To decide whether to replace a region `R` that appears in `T` with
a bound region, the algorithms make use of two bits of
information. First is a set `V` that contains all region
variables created as part of the LUB/GLB computation (roughly; see
`region_vars_confined_to_snapshot()` for full details). `V` will
contain the region variables created to replace the bound regions
in the input types, but it also contains 'intermediate' variables
created to represent the LUB/GLB of individual regions.
Basically, when asked to compute the LUB/GLB of a region variable
with another region, the inferencer cannot oblige immediately
since the values of that variables are not known. Therefore, it
creates a new variable that is related to the two regions. For
example, the LUB of two variables `$x` and `$y` is a fresh
variable `$z` that is constrained such that `$x <= $z` and `$y <=
$z`. So `V` will contain these intermediate variables as well.
The other important factor in deciding how to replace a region in T is
the function `Tainted($r)` which, for a region variable, identifies
all regions that the region variable is related to in some way
(`Tainted()` made an appearance in the subtype computation as well).
### LUB
The LUB algorithm proceeds in three steps:
1. Replace all bound regions (on both sides) with fresh region
inference variables.
2. Compute the LUB "as normal", meaning compute the GLB of each
pair of argument types and the LUB of the return types and
so forth. Combine those to a new function type `F`.

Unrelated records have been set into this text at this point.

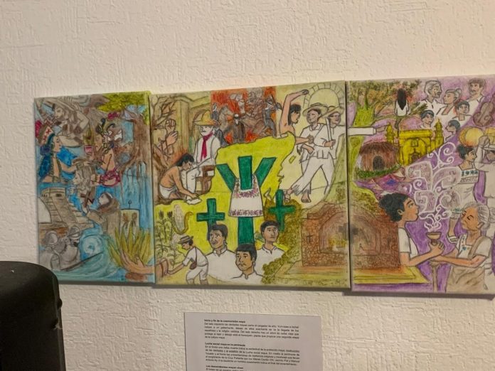 La joven de 22 años, originaria de Valladolid, Yucatán, y quien realizará a finales de este año un intercambio académico en Francia, invitó a los asistentes a conocer su exposición pictórica instalada temporalmente en la Alianza Francesa Kaan Kuun, donde a través de colores y lienzos representa los orígenes del pueblo maya junto con sus propios sueños.
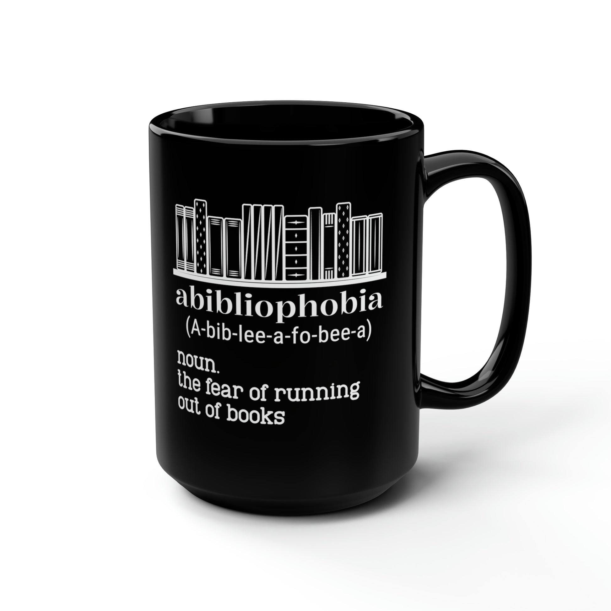 Abibliophobia Noun Ceramic Mug Black Mug, 15oz
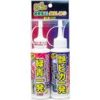 ■正味量: 緑青一発:120ml、艶ピカ一発:150g ■成分: 緑青一発:塩化水素、酸腐食抑制剤、艶ピカ一発:超微粒子研磨剤、艶出し剤、有機溶剤 ■溶液: 緑青一発:強酸性、艶ピカ一発:弱アルカリ性 ■用途: 銅・真鍮の緑青除去および艶出 成分「緑青一発」:塩化水素(8.2%)、酸腐食抑制剤「艶ピカ一発」:超微粒子研磨剤、艶出剤、有機溶剤液性緑青一発/強酸性、艶ピカ一発/弱アルカリ性容量緑青一発/120ml、艶ピカ一発/150g ■日本製
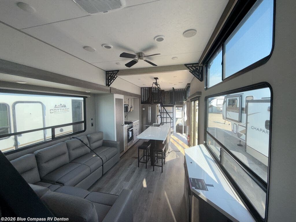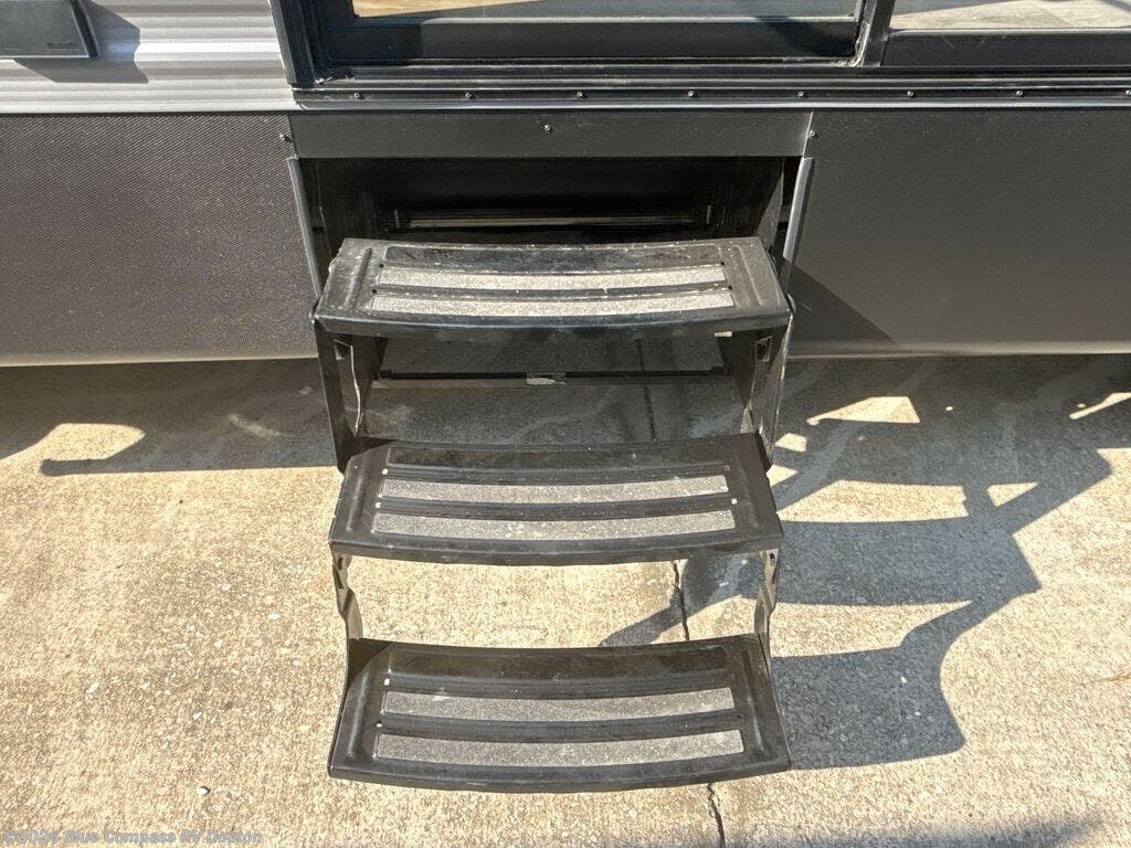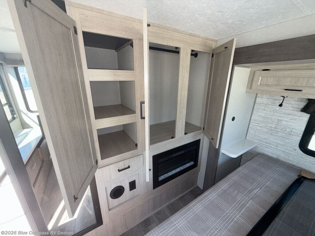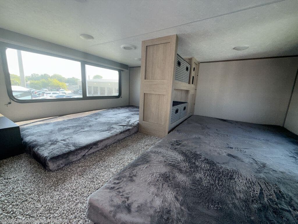 You won't believe the amount of comfort found throughout this destination trailer! The front private bedroom will provide you with your own space each night, and here you'll enjoy the RV queen bed slide out, wardrobe closets and a dresser, plus a bedroom fireplace for more comfort. The main living area is made spacious thanks to the large slide out, and the kitchen island with five bar stools will be the perfect place to dine together each day. There is also a hide-a-bed sectional sofa everyone is sure to enjoy relaxing on, and the power lift TV means you can make it a movie night! A spacious full rear bath includes a 48" x 30" shower with a seat and glass shower door and plenty of storage space to keep clean towels and bath necessities stocked. The feature you will really love on this trailer has to be the double loft areas, complete with five bunk mats in total and storage space for your guests' things; how convenient!

3. Replace each region `R` that appears in `F` as follows:
- Let `V` be the set of variables created during the LUB
computational steps 1 and 2, as described in the previous section.
- If `R` is not in `V`, replace `R` with itself.
- If `Tainted(R)` contains a region that is not in `V`,
replace `R` with itself.
- Otherwise, select the earliest variable in `Tainted(R)` that originates
from the left-hand side and replace `R` with the bound region that
this variable was a replacement for.
So, let's work through the simplest example: `fn(&A)` and `for<'a> fn(&a)`.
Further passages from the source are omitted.